What you need to do:
Below are records with pictures; copy word for word only the lines between the line with "太阳成优秀辅导员代表刘逸洲以" and the line with "Patchwork rugs combine", inclusive, and drop the pictures.
──────── Supplied information ────────
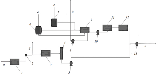 Fig. 2. Flowchart of preparing water for injection into the reservoir: a – seawater from the water intake system;
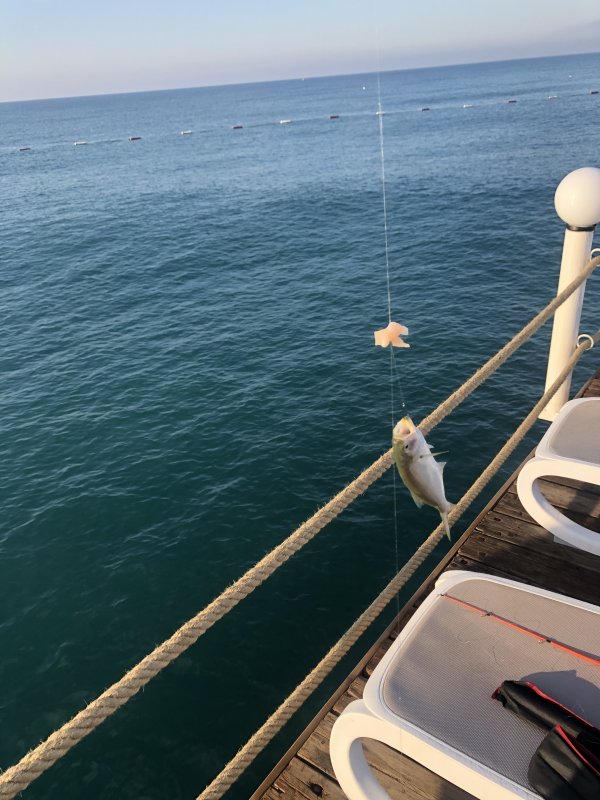 Отдыхал в конце мая. С пирса охрана не пускала, извернулся: сначала ловил на леску, потом ходил на Аксу махами 7-9 м. Питание рыбы — хлебом у пирса, подтягивалась и селёдка. Полицейский сначала развернул, потом договорились через переводчик, помогла вяленая вобла. С 5:00 до 7:00 приходил, кормил и ловил. Поплавок пошёл лучше фидера. В отеле повар жарил 5-10 штук, остальное забирал. Жалею, что не взял спиннинг на устье, хищник там чудил
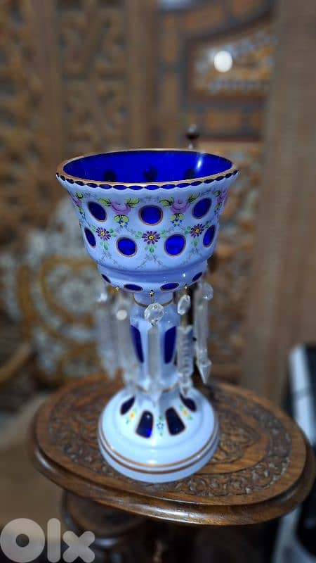 An exquisite 19th-century Bohemian Cased Glass Mantel Luster, a true masterpiece of Victorian-era craftsmanship. This rare find features a regal cobalt blue core encased in hand-carved opaque milk glass, meticulously cut-to-clear to reveal luminous ‘jewel’ windows. Adorned with delicate hand-painted enamel floral sprays and shimmering 24K gold gilt accents, it stands complete with a full suite of hand-cut lead crystal prisms that catch and dance with the light. A breathtaking statement of old-world opulence, this heirloom-quality piece is the pinnacle of European glass artistry—a must-have for the discerning collector of fine antiques.
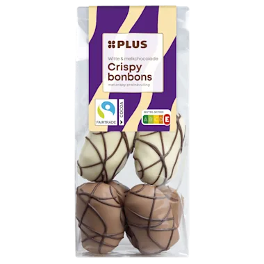 Melk- en witte chocolade gevuld met 47% crispy hazelnootpraliné vulling en gedecoreerd met pure chocolade
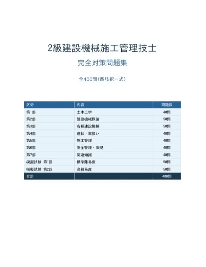 2級建設機械施工管理技士対策問題集300問+模擬試験50問×2セット全400問
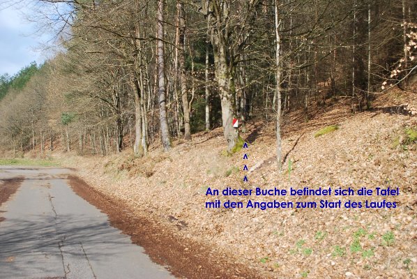 Start des Laufes ist am Sonntag, den 06.04.2014 um 7:30 Uhr. Treffpunkt ist der Parkplatz an der L486 etwa 1,6 Km von Salzwoog kommend Richtung Lemberg/Pirmasens. Gegenüber ist der Abzweig der L485 nach Langmühle/Eppenbrunn. An dem Parkplatz befindet sich das Schild mit dem genauen Startort an einer Buche.
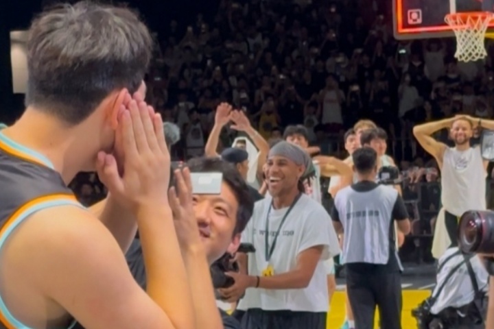 庫(kù)里雖然第一時(shí)間很無(wú)奈,但之后還是笑呵呵地跟朱偉皓一起“NightNight”:
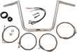 • Stainless braided handlebar kits include handlebar, wire extensions, stainless braided clutch lines, brake lines, chrome "T" brake line junction, banjo bolts, fittings and copper crush washers
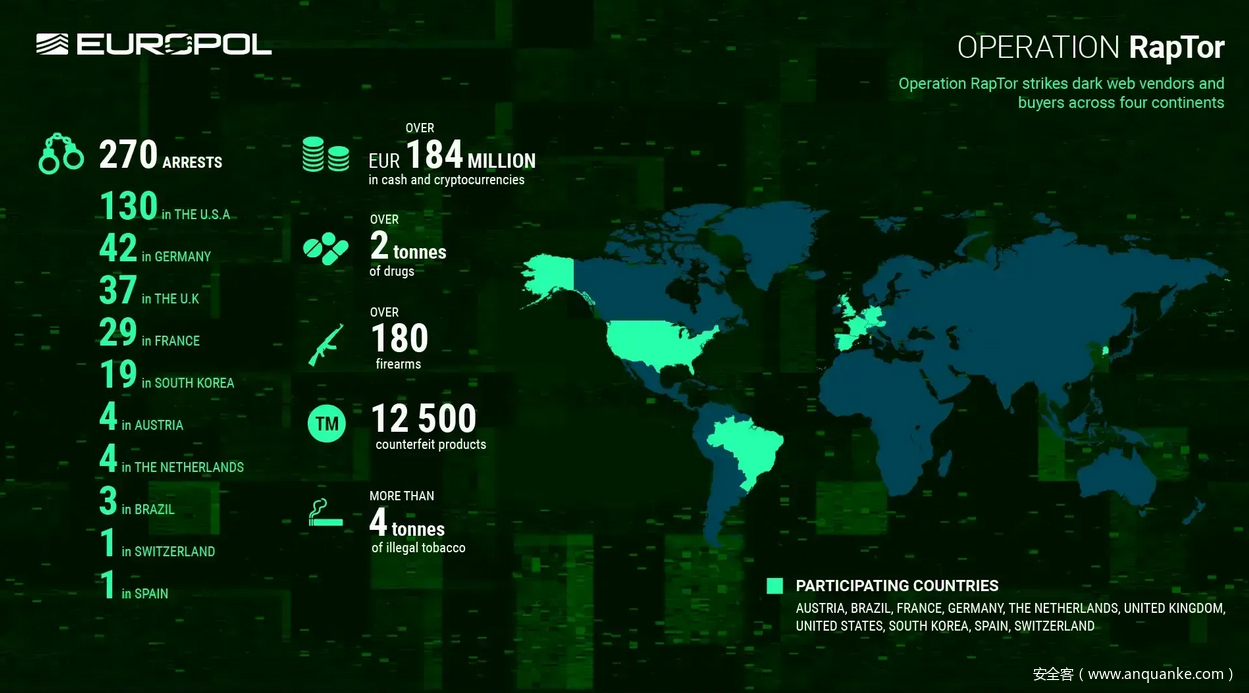 “RapTor行动表明,暗网并非超出执法部门的范围,”欧洲刑警组织欧洲网络犯罪中心负责人Edvardas Šileris说。“通过密切合作和情报共享,三大洲的官员识别并逮捕了嫌疑人,向那些认为自己可以躲在阴影中的人发出了明确的信息。
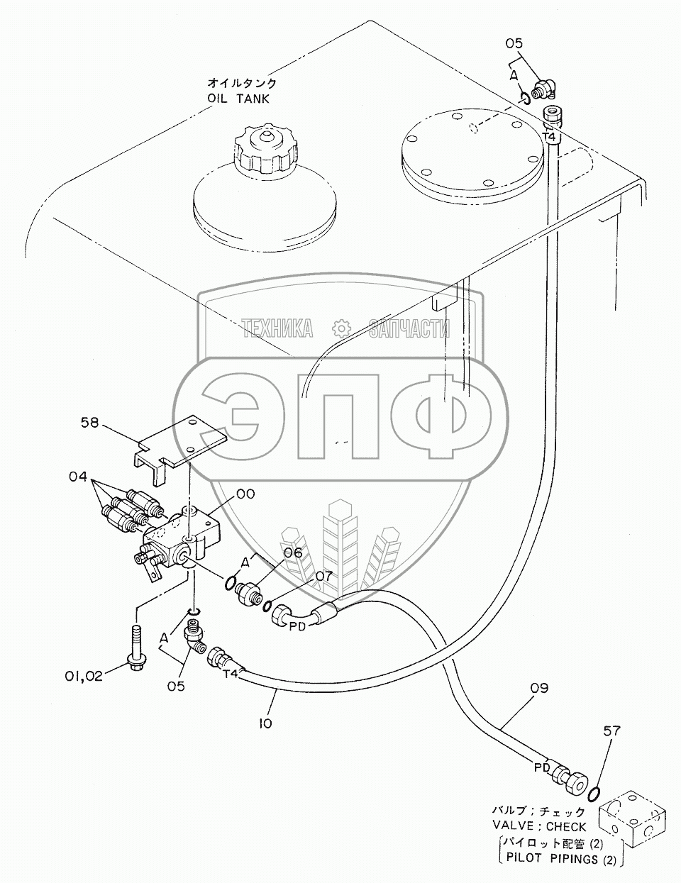 Каталог запасных частей к технике: Hitachi EX-220. PILOT PIPINGS (3-3)
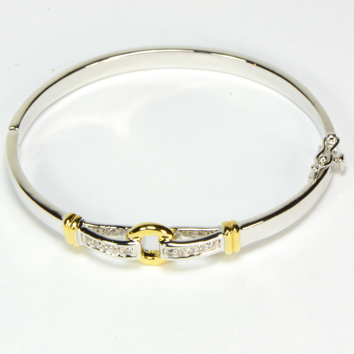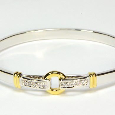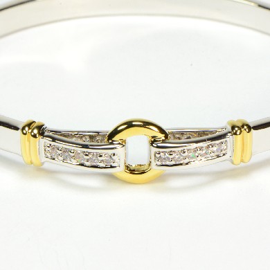- Silver Tone Bangle with Crystals & Gold Tone Accents
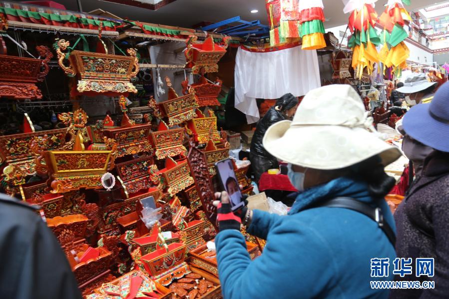 新年臨近,拉薩街頭采辦年貨的人群熙熙攘攘,大街小巷張燈結彩,古城街巷洋溢著濃濃的年味。布達拉宮前搭建起“歡度春節藏歷新年”吉祥裝飾,沖賽康市場和八廓商城等傳統年貨市場顧客盈門,人們互道:“洛薩扎西德勒(藏語:新年好)!”
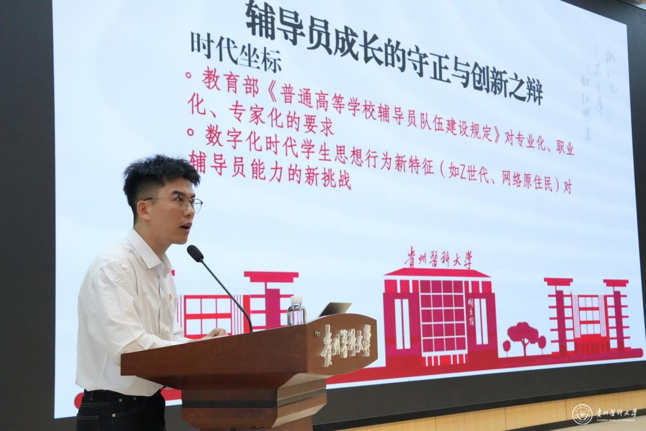 太阳成优秀辅导员代表刘逸洲以“辅导员成长笔记——以守正创新精准赋能个人成长”为题,结合自身开展学生思想政治教育和省级名辅导员工作室建设等经历,用真实案例剖析了辅导员从实践到理论再到实践的成长闭环,强调“以学生为中心”的育人理念与自我提升的辩证关系,引发在场同仁的强烈共鸣。
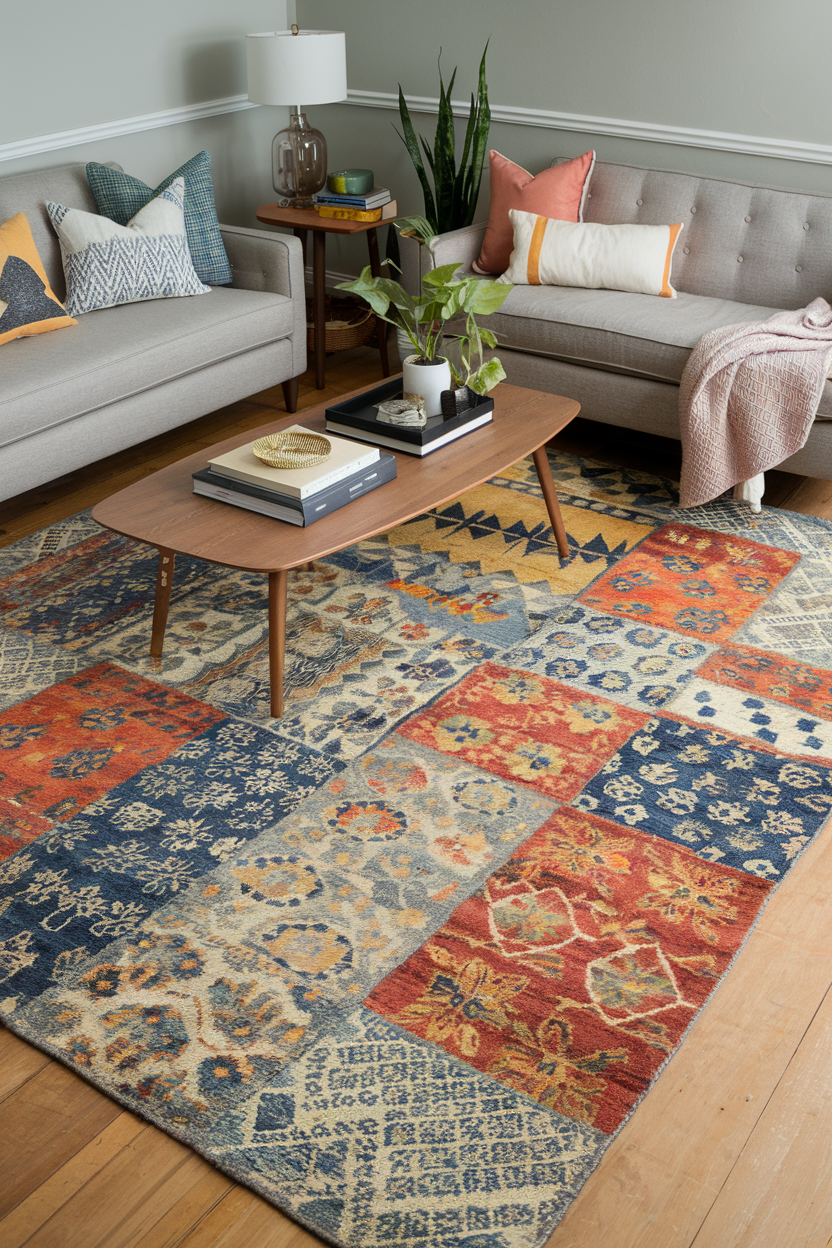 Patchwork rugs combine several patterns and shades, giving the space a rich, layered look. They work particularly well in eclectic or maximalist living rooms. Each patch tells its own visual story, which brings a sense of curated character to your decor. Whether you’re mixing modern art, vintage furniture, or global accents, these rugs help unify disparate styles into a cohesive and vibrant whole.
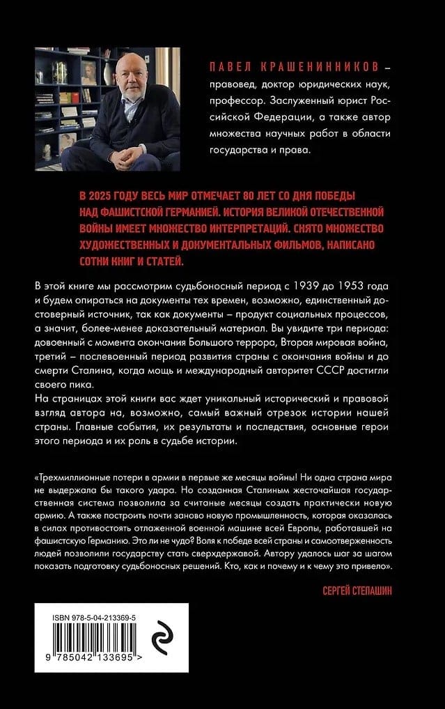 This publication is a sequel to "The State versus Revolution" and will introduce the reader to the horrific events of World War II from the perspective of state and law. How the country prepared for war and what measures were taken in the pre-war period, what laws governed the country during the Great Patriotic War, how the Soviet Union was rebuilt after victory—you will find answers to these and many other questions in this book, dispelling the myths surrounding the most devastating military campaign in human history. If you are fascinated by Russian history, its statehood, and law, and want to understand how the development of jurisprudence influenced the strengthening of the state, this book will be a valuable addition to your library.
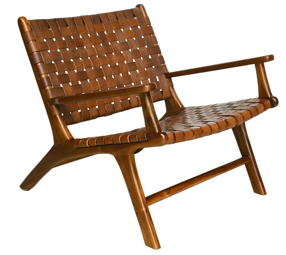 Porto fåtölj i massivt teak med sits och rygg i sadelgjord av brunt läder. Fåtöljen tillhör vår populära serie Porto.
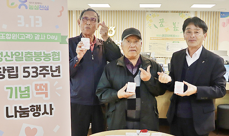 성산일출봉농협(조합장 박명종)은 지난 13일 창립 53주년을 맞아 본·지점과 경제사업소 11개소에서 백설기데이(14일)와 연계한 '조합원·고객 감사 Day' 떡 나눔 행사를 마련, 내방 고객들에게 하트꿀설기 2000여 개를 나누며 감사의 마음을 전했다. 또 이달 새롭게 개설한 성산일출봉농협 카카오톡 공식 채널을 통해 퀴즈 댓글 이벤트도 하루 동안 진행했다.
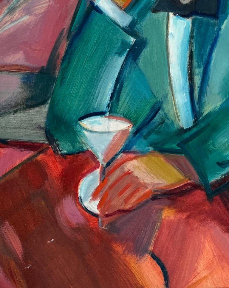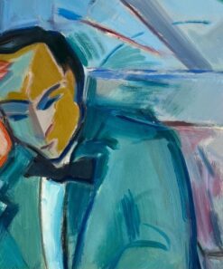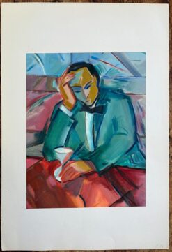Description: This original oil painting by Roland Pichard captures a contemplative moment as a well-dressed gentleman in a green jacket and bow tie rests his head in his hand, seated at a table with a martini glass. The bold and expressive brushstrokes, combined with a dynamic palette of blues, reds, and greens, create a scene full of emotion and intensity. The abstracted background hints at a vibrant interior, perhaps a bar or lounge, adding to the sense of introspection and atmosphere. Perfect for collectors drawn to figurative work with emotional depth and modernist flair, this piece is a striking example of Pichard’s artistry.
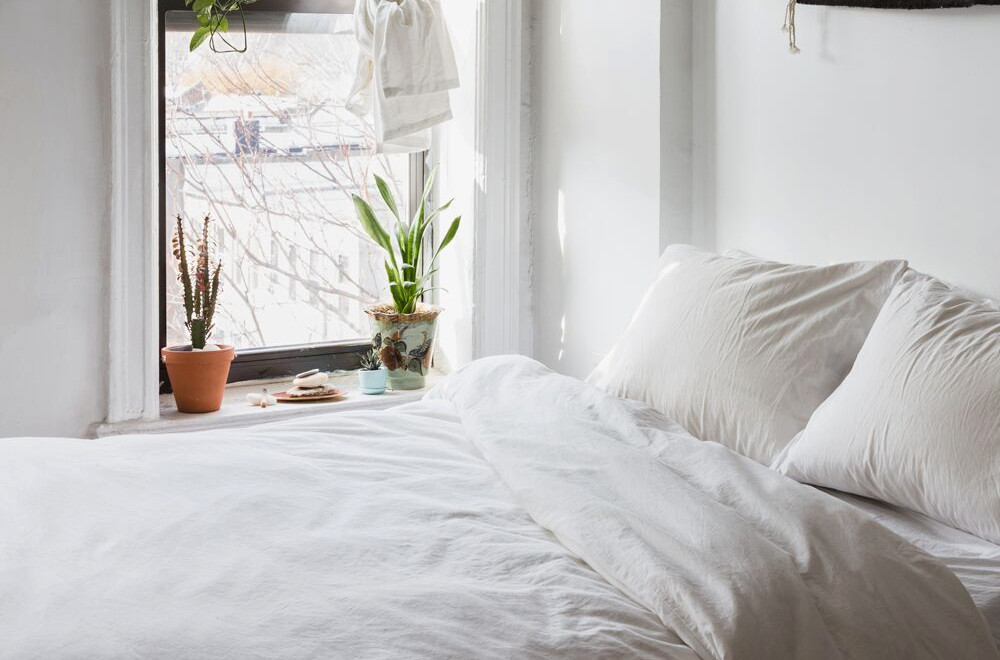 Rawls-Meehan suggests tossing the blanket off of your bed and instead employing your top sheet as a light, cool cover. “Avoid hot materials like flannel or satin,” he says. “Instead, opt for breathable cotton or heat-wicking linen.”
────────
Answer space:
 太阳成优秀辅导员代表刘逸洲以“辅导员成长笔记——以守正创新精准赋能个人成长”为题,结合自身开展学生思想政治教育和省级名辅导员工作室建设等经历,用真实案例剖析了辅导员从实践到理论再到实践的成长闭环,强调“以学生为中心”的育人理念与自我提升的辩证关系,引发在场同仁的强烈共鸣。
 Patchwork rugs combine several patterns and shades, giving the space a rich, layered look. They work particularly well in eclectic or maximalist living rooms. Each patch tells its own visual story, which brings a sense of curated character to your decor. Whether you’re mixing modern art, vintage furniture, or global accents, these rugs help unify disparate styles into a cohesive and vibrant whole.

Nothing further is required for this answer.